Exercise brief:
Every line from the one holding "Michael Hagedorn, Fotograf" through the last line of the records must be retyped exactly, and no other line or picture may appear in the copy.

Input data:
***

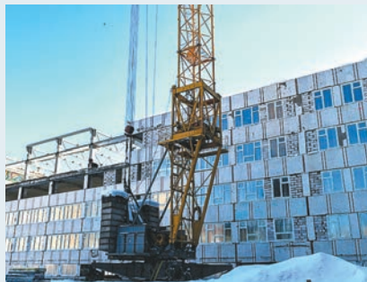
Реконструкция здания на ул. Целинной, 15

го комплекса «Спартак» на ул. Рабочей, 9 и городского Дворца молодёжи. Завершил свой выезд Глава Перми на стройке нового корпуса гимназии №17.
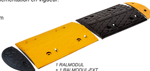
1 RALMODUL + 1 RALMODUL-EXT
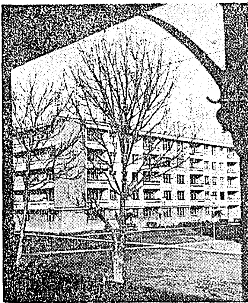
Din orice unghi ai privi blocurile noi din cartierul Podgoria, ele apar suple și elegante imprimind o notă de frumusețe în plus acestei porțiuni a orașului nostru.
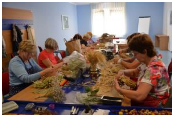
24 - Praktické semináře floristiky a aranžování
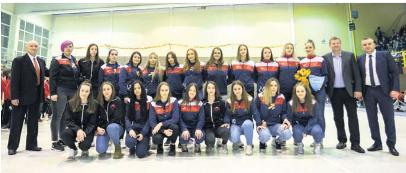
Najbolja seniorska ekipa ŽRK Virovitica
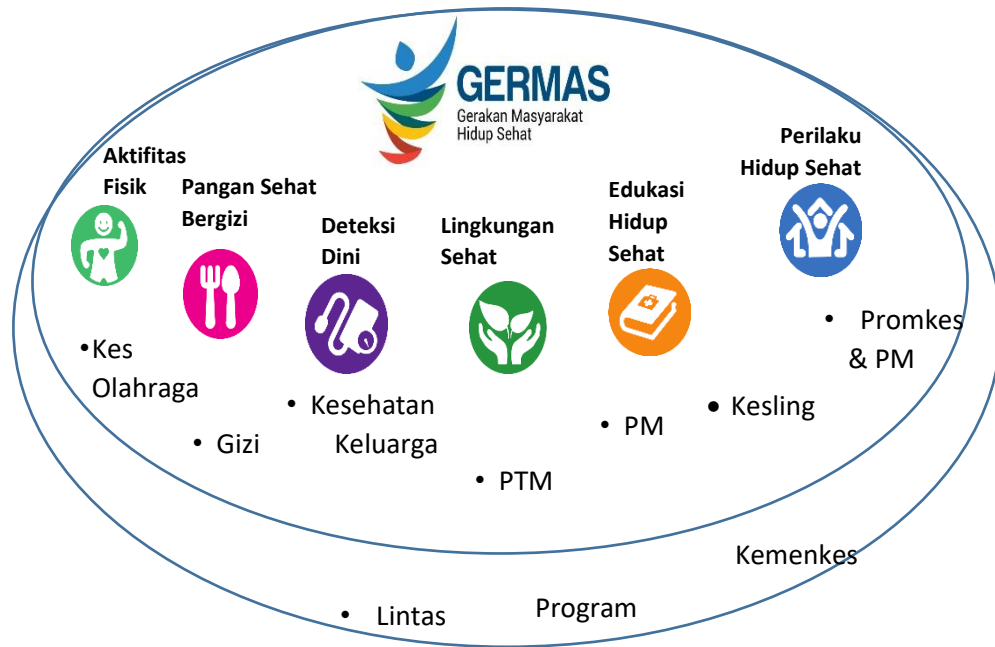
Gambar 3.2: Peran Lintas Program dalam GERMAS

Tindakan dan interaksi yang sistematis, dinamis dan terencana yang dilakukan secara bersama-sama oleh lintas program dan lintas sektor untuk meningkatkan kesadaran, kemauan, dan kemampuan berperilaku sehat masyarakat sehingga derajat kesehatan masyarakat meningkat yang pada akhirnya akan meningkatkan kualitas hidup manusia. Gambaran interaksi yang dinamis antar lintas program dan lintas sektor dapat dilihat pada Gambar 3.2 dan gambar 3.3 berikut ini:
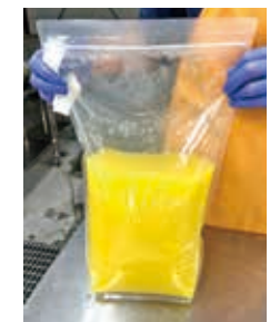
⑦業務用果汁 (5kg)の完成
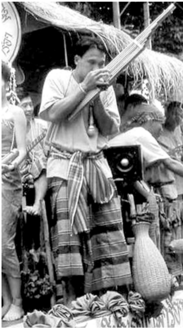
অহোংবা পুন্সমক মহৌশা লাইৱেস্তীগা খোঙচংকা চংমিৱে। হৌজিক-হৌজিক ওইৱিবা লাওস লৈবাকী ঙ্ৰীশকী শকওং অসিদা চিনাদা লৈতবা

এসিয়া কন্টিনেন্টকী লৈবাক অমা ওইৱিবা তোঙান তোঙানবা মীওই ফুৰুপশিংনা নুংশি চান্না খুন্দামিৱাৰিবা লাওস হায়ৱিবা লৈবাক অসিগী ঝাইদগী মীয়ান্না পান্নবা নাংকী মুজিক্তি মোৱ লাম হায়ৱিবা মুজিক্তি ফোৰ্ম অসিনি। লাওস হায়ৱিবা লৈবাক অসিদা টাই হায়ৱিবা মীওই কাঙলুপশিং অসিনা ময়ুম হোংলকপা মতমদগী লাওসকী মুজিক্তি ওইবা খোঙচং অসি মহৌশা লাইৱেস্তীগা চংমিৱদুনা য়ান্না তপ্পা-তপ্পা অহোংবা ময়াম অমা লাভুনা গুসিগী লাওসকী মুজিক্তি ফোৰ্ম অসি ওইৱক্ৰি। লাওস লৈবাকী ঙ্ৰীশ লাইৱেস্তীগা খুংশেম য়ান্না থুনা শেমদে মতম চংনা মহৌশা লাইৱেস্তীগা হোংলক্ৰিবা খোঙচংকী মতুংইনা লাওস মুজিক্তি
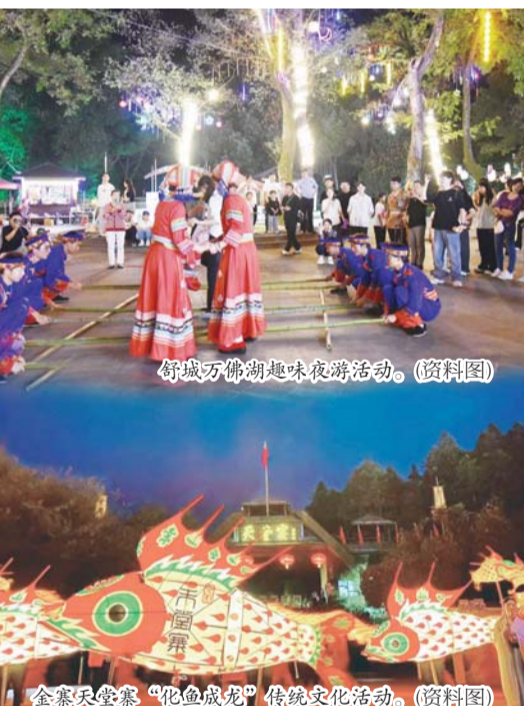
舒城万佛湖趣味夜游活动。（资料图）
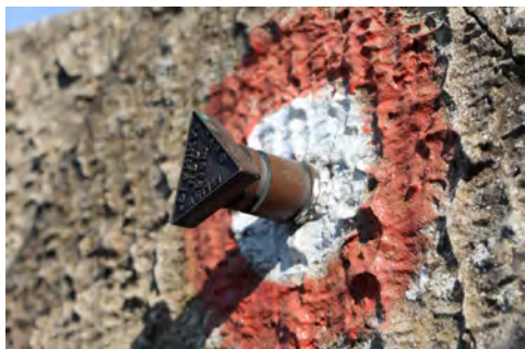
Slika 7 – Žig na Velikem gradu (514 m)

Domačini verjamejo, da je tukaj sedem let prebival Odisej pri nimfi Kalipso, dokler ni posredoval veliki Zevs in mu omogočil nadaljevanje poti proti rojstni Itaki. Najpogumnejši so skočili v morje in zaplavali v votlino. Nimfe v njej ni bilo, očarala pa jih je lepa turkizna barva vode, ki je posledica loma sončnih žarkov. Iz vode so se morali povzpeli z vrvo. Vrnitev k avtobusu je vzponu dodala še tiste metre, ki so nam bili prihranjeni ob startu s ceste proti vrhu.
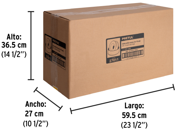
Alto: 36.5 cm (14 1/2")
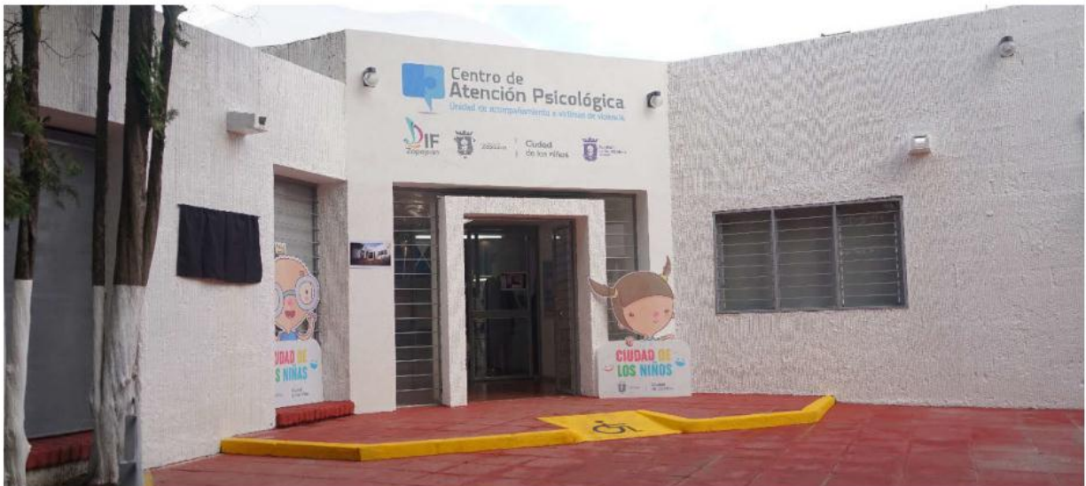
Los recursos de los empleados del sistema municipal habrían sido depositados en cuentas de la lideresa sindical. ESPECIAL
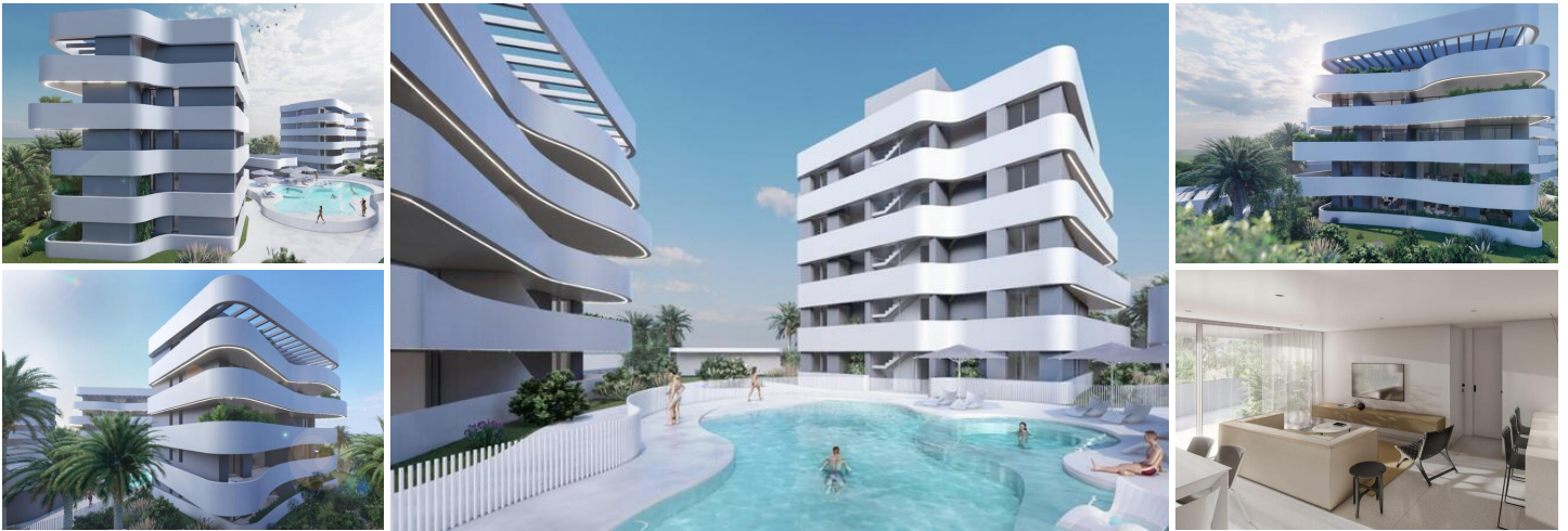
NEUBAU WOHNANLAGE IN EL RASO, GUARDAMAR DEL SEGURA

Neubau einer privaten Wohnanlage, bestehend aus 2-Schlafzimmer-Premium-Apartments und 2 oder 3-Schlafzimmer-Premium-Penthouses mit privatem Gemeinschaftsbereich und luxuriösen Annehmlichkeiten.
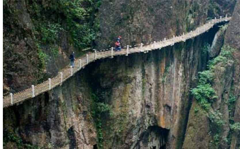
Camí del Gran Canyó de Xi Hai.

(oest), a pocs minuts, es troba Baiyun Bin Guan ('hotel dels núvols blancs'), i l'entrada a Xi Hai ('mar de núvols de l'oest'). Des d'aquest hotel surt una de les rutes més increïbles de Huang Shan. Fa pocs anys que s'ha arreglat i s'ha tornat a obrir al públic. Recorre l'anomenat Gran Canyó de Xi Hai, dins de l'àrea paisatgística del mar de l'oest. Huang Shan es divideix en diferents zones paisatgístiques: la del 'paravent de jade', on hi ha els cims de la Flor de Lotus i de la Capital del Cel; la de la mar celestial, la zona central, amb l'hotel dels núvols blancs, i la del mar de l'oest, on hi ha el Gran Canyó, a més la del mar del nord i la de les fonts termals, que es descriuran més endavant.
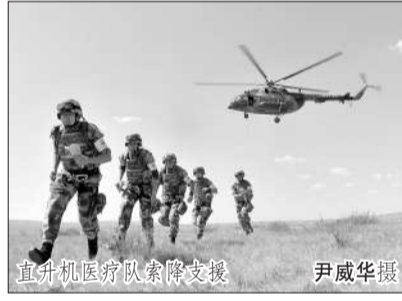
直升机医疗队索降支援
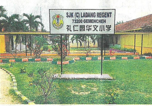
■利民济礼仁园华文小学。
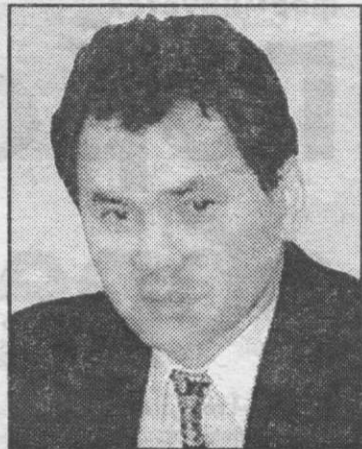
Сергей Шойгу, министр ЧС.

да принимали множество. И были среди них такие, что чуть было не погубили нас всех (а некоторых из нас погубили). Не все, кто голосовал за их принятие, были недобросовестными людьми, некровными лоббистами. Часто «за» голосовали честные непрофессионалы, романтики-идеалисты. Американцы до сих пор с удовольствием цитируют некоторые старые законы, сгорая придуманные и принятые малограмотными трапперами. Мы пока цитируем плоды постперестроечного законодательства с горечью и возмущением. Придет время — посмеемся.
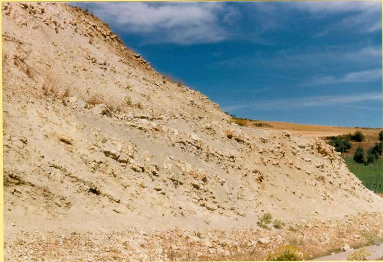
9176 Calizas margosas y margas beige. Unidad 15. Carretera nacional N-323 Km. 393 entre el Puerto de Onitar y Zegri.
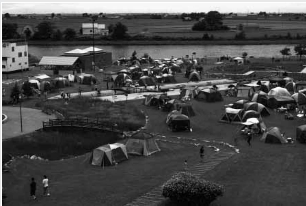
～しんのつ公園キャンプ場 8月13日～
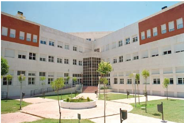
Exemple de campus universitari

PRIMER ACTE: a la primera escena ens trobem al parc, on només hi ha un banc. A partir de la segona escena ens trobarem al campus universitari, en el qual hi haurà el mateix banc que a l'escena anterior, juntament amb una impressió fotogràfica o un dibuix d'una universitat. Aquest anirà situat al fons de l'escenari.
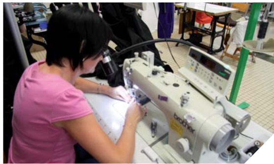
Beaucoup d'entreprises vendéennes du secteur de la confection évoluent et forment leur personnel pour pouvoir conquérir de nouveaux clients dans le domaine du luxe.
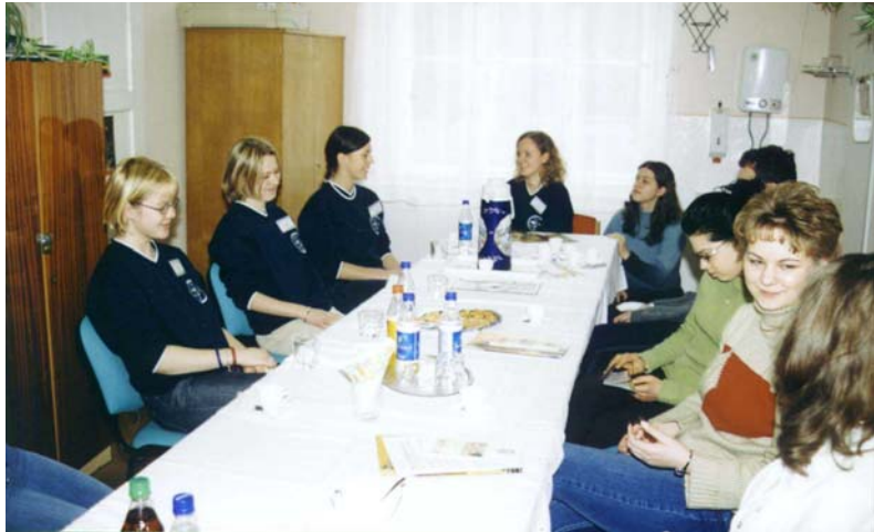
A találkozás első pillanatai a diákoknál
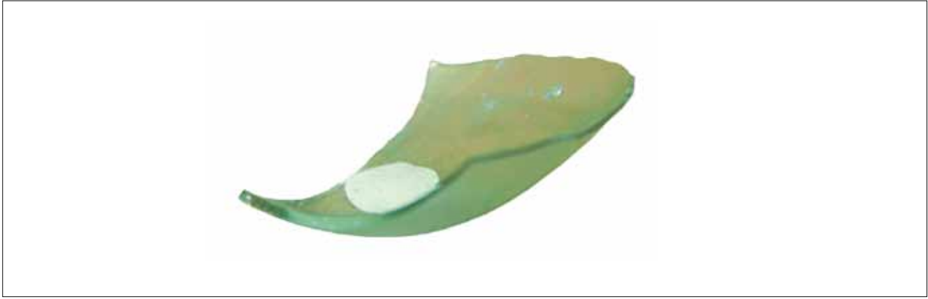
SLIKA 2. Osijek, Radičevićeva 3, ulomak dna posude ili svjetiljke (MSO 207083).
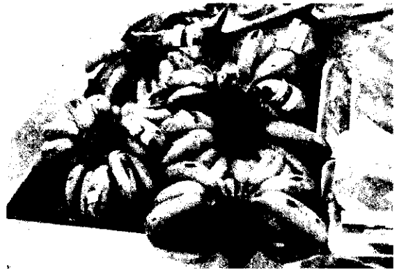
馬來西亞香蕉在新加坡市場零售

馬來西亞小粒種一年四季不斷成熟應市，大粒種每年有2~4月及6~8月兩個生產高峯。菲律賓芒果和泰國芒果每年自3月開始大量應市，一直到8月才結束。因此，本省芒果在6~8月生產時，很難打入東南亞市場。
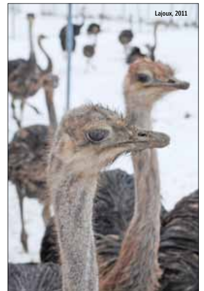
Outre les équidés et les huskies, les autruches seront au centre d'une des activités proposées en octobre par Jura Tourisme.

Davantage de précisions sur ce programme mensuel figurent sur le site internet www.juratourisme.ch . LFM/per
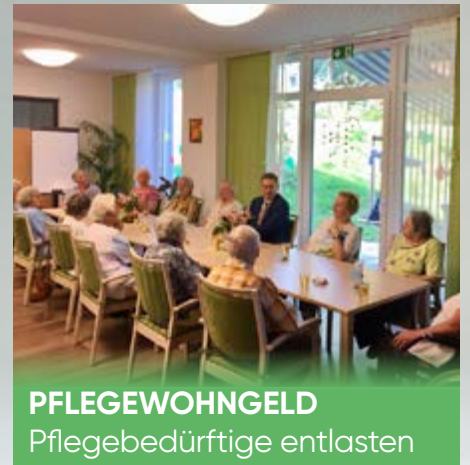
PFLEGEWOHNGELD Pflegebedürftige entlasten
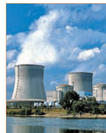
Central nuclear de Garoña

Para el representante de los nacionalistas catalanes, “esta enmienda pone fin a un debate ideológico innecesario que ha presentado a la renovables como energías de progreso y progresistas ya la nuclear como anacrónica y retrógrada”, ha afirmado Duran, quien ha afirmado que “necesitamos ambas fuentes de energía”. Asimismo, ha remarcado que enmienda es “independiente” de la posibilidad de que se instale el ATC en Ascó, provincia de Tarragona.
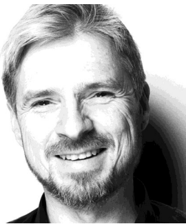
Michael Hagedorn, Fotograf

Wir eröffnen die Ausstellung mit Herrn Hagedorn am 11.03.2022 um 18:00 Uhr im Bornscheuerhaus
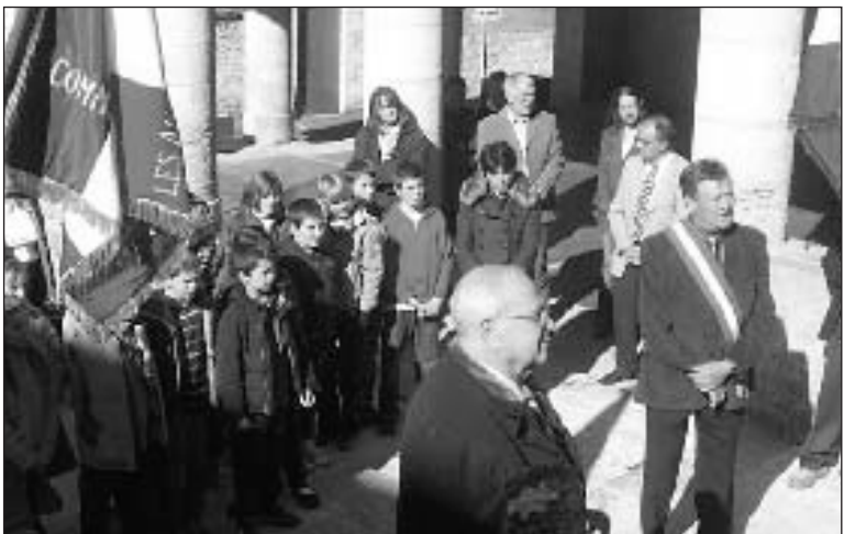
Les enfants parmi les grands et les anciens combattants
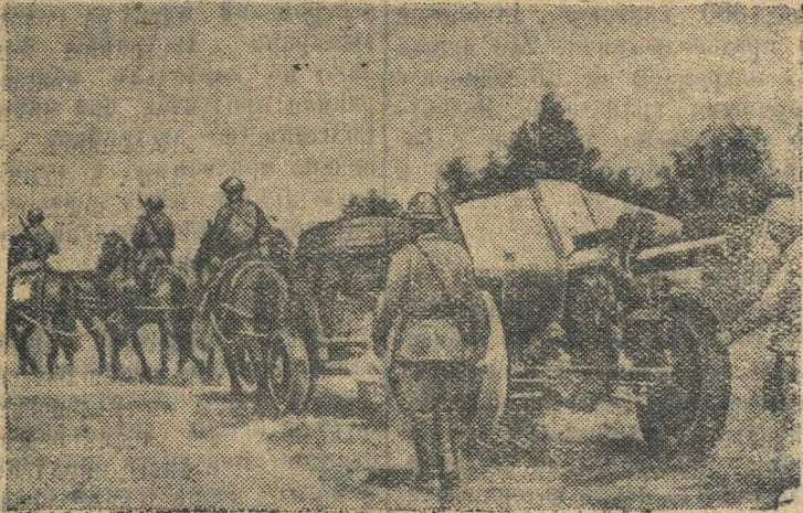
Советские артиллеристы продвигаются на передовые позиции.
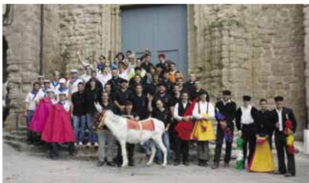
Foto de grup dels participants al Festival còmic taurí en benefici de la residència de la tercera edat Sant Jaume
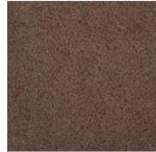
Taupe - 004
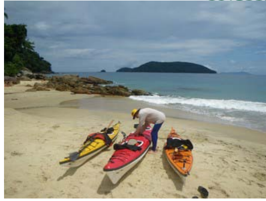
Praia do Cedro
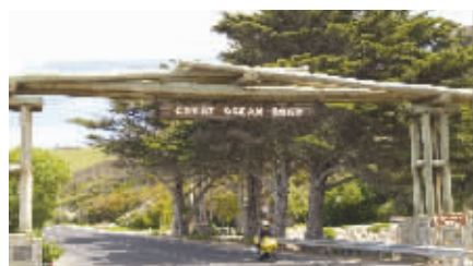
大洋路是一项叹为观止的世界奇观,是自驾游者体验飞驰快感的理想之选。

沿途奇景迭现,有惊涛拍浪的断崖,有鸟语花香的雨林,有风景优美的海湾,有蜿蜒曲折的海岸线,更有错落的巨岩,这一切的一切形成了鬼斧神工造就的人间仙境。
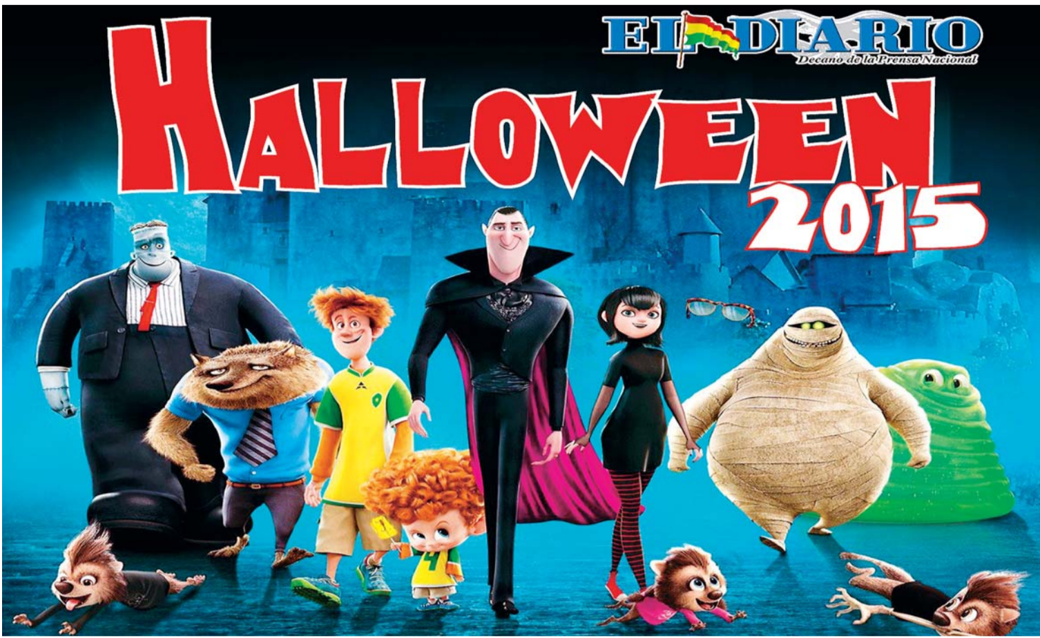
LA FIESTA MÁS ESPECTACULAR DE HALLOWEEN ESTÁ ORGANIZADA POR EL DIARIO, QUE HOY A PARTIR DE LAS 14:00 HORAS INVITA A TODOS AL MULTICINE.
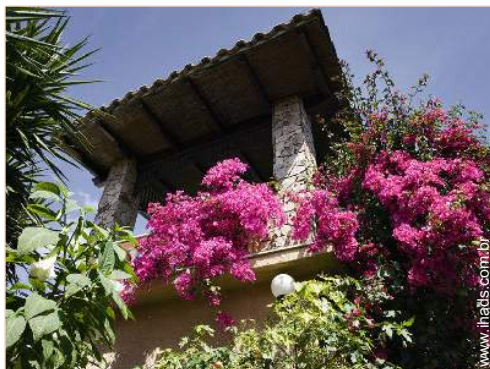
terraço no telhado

***

Solution:
Michael Hagedorn, Fotograf

Wir eröffnen die Ausstellung mit Herrn Hagedorn am 11.03.2022 um 18:00 Uhr im Bornscheuerhaus
Les enfants parmi les grands et les anciens combattants
Советские артиллеристы продвигаются на передовые позиции.
Foto de grup dels participants al Festival còmic taurí en benefici de la residència de la tercera edat Sant Jaume
Taupe - 004
Praia do Cedro
大洋路是一项叹为观止的世界奇观,是自驾游者体验飞驰快感的理想之选。

沿途奇景迭现,有惊涛拍浪的断崖,有鸟语花香的雨林,有风景优美的海湾,有蜿蜒曲折的海岸线,更有错落的巨岩,这一切的一切形成了鬼斧神工造就的人间仙境。
LA FIESTA MÁS ESPECTACULAR DE HALLOWEEN ESTÁ ORGANIZADA POR EL DIARIO, QUE HOY A PARTIR DE LAS 14:00 HORAS INVITA A TODOS AL MULTICINE.
terraço no telhado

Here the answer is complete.